The degradation of art and the system itself is a function of our inability to decide - in a liberal democracy - how large public institutions should be and how to fund them. To some, art is clear second fiddle to transit. To others, there is a place in a public transit agency for art which is as important as SOGR maintenance.

Everyone here needs to remember that the TTC is a public institution which is governed by our politicians. If the institution lacks funds, don't blame the civil servants running it. They are paid to run it within the budget envelope provided. They are doing their jobs competently.

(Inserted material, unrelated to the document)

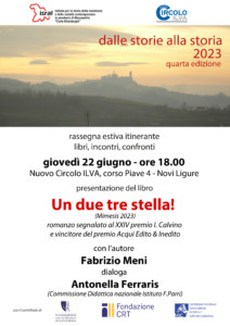 La rassegna estiva dell’Isral di libri, incontri, confronti, Dalle storie alla storia prosegue giovedì 22 giugno a Novi Ligure, alle ore 18, al Nuovo Circolo ILVA di corso Piave 4, con la presentazione del libro di Fabrizio Meni Un due tre stella! (Mimesis, 2023)
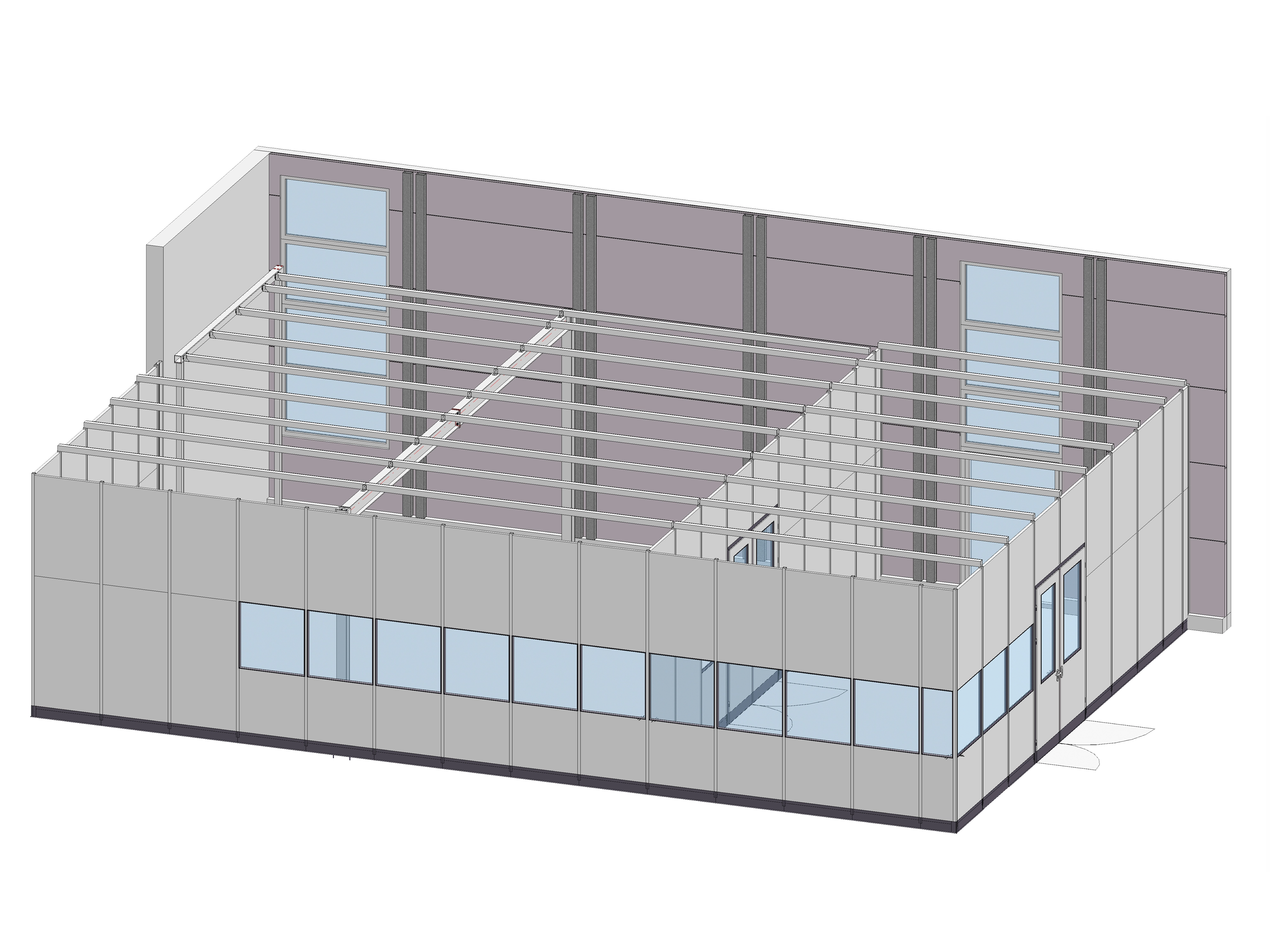 Besonderheiten - 3-seitiges Objekt, begehbare Deckenkonstruktion, Doppelflügeltür, Weitspannträger für Decke, Raumabtrennungen im Objekt, Wandanschluss, Raumhöhe 3.500 mm

None of us criticizes doctors when the waits in emergency rooms is long. We aim at the government funding healthcare. A similar approach is necessary here. I would bet money that no TTC employee ever let anything joyfully go to ratshit, rather that was just the way the wind was blowing.

Canadians I think have done a poor job of holding politicians to account. This discussion is off the mark and letting the guilty - or at the very least - responsible parties off the hook.

It is true (the facts about Arc en Ciel are not up for debate), and it is fair.

Who said the choice was between maintaining this piece of public art or reducing service on a bus route? Who presented this to you as an either/or decision? Are they really making enough money off this one ad to preserve service levels on a transit route? I would be shocked if that was the case. Can similar funds not be raised with an ad or ads located elsewhere on the system which do not cover up publicly funded public art? I would assume that to be the case - there are a lot of empty walls near a lot of foot traffic in the system.

And yes I do blame the civil servants running the agency when they cannot responsibly manage public assets. But, agreed, the politicians and lack of funding are primarily to blame here.

TTC employees quite literally let Arc en Ciel go to ratshit, and they didn't seem to care. The facts in that case are appalling.

Yes, I agree that we do a poor job of holding politicians, and the people running public agencies like TTC, to account.